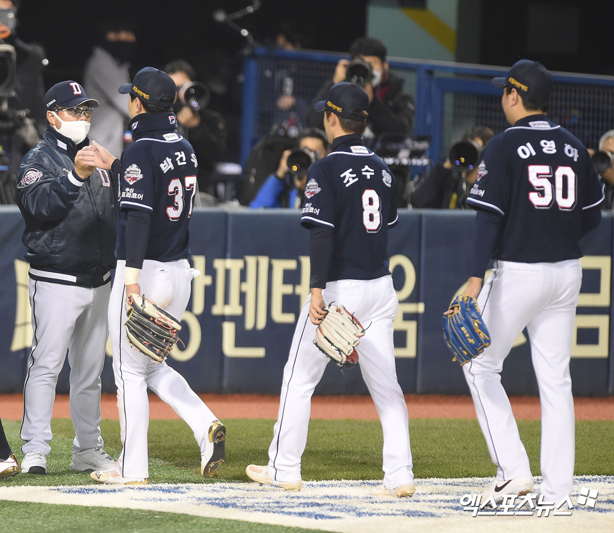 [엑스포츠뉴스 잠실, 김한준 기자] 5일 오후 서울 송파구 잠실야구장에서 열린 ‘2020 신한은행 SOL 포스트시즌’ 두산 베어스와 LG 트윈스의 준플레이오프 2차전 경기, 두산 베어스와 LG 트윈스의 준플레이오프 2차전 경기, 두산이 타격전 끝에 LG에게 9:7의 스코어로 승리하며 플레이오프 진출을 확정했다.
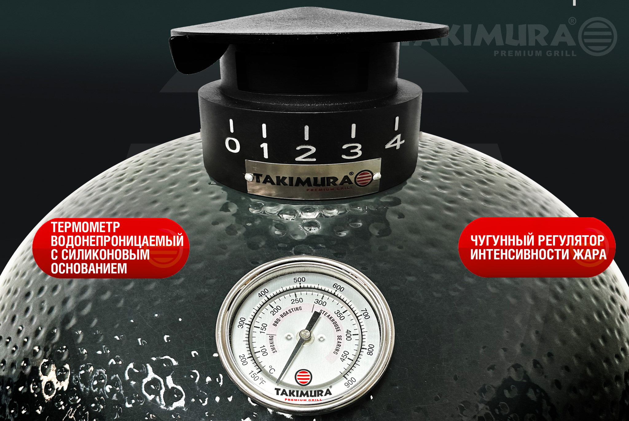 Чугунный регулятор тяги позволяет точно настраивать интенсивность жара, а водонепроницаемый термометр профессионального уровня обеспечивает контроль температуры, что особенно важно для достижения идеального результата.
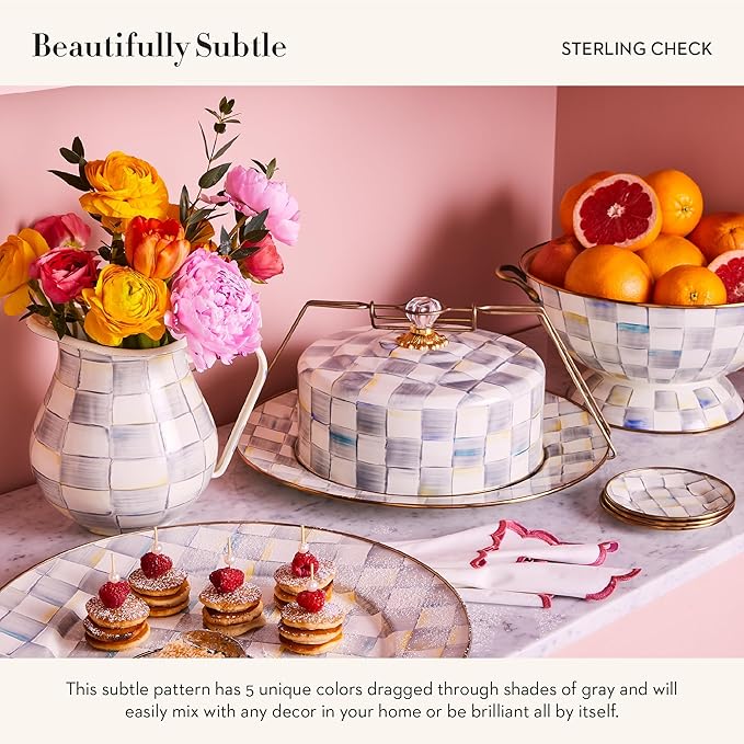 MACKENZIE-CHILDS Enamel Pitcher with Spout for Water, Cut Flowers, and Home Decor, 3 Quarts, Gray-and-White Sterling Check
--
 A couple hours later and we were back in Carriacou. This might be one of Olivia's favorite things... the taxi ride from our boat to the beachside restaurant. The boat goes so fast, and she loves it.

TASK DESCRIPTION:
In the material above, one part opens with the line containing "Чугунный регулятор тяги" and closes with the line containing "MACKENZIE-CHILDS Enamel Pitcher". Write out that part exactly and skip its pictures.

RESULT:
 Чугунный регулятор тяги позволяет точно настраивать интенсивность жара, а водонепроницаемый термометр профессионального уровня обеспечивает контроль температуры, что особенно важно для достижения идеального результата.
 MACKENZIE-CHILDS Enamel Pitcher with Spout for Water, Cut Flowers, and Home Decor, 3 Quarts, Gray-and-White Sterling Check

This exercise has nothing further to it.